I, too, always wanted to be a teacher. I also always had plans of being a stay-at-home mommy when I had children. Things don't always go as planned though. For several reasons beyond my control...I must work. I do teach second grade, so I get to stay home with my children in the summer. This past summer, I realized that I "need" to work. I need adult interaction. Maybe it is selfish...I don't know. When I am away from my children, I really want to spend more time with them. On top of that,I feel like teaching is my ministry. Nobody can tell you what is "right" for you.

Laura said...

We always hear the saying "the grass is always greener".

I'm thinking every single day as I drop Kristina off at daycare, "Oh, if I could just stay at home instead of work for the next few years until she's in school...."

I know you don't take for granted this wonderful time you have with Colby ~ you're just feeling a few stressors with the health insurance and all.

I don't know much about the teaching industry but the teachers at Kristina's daycare are truly wonderful. They seem to really enjoy watching the kids learn to share, say words, and play "nice". I can see you doing something like that, Melissa -- but in time.

Enjoy your time with Colby and when it's "your time" to go back to work, it will all fall into place.

Many blessings to you, dear friend.

~Laura :)

MtnGirl said...

Have you thought about being a substitute teacher? Of course, you would need some flexibility with daycare for Colby, but a thought. Plus that could help you get into a school IF you wanted to return to teaching. Another option might be to look at getting credentialed to be an early intervention specialist. Where I live: you make good money, work as a contractor (no health benefits, but you'd be making more money), and you can make your own schedule - few hours/more hours. OR you might just need to be staying home with Colby! :-)

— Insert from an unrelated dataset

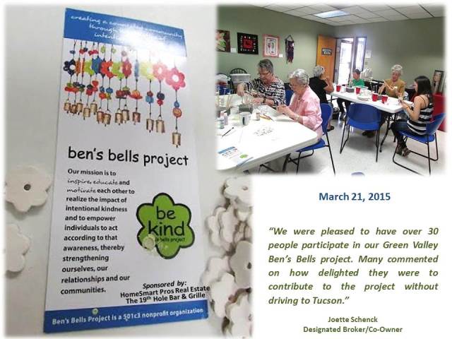 Several years ago, Jeannette Maré, founder of Ben’s Bells, spoke to our club and several of us went to the Ben’s Bells in Tucson where we painted ceramic pieces that went on to the Ben’s Bells wind chimes. Ben’s Bells, whose mission is to spread acts of kindness in communities, came to Green Valley! On Saturday, March 21 approximately 30 local residents (a few from TWOQC) joined forces at the Green Valley Village to sculpt and paint components of the bells.

Sharon and Patrick said...

Hang in there! Things happen for a reason, when the time is right something will come your way! Enjoy Colby while you can..Take one day at a time..Hey we have the fall festivals to look forward to.
Sharon

MtnGirl said...

I looked up your state (CT) on your blog - here is information about the 0-3 program. One asset you would bring to the program is having an internationally adopted son. I'm not sure how the CT program compares to CO, but here the pay is terrific, but they want you to have a master's in early childhood special ed - I have a teaching license, but not a master's in ecse which I have just now started to work on. Write me a comment and leave your email if you want to discuss further.

Joy said...

What about teaching the teachers? If you have a Masters degree you could teach at an online school.

I am in the process of getting my Masters so that I can do just that. I go to the University of Phoenix online. Everything in on line so that highlights your ability to put your thoughts on paper.

Just a thought,
Joy

Kathleen said...

It does sound like you are very tentative about getting back into teaching. I'm sure it is a very difficult decision for you and Mike to make about what to do next. I wish you both all the best as always.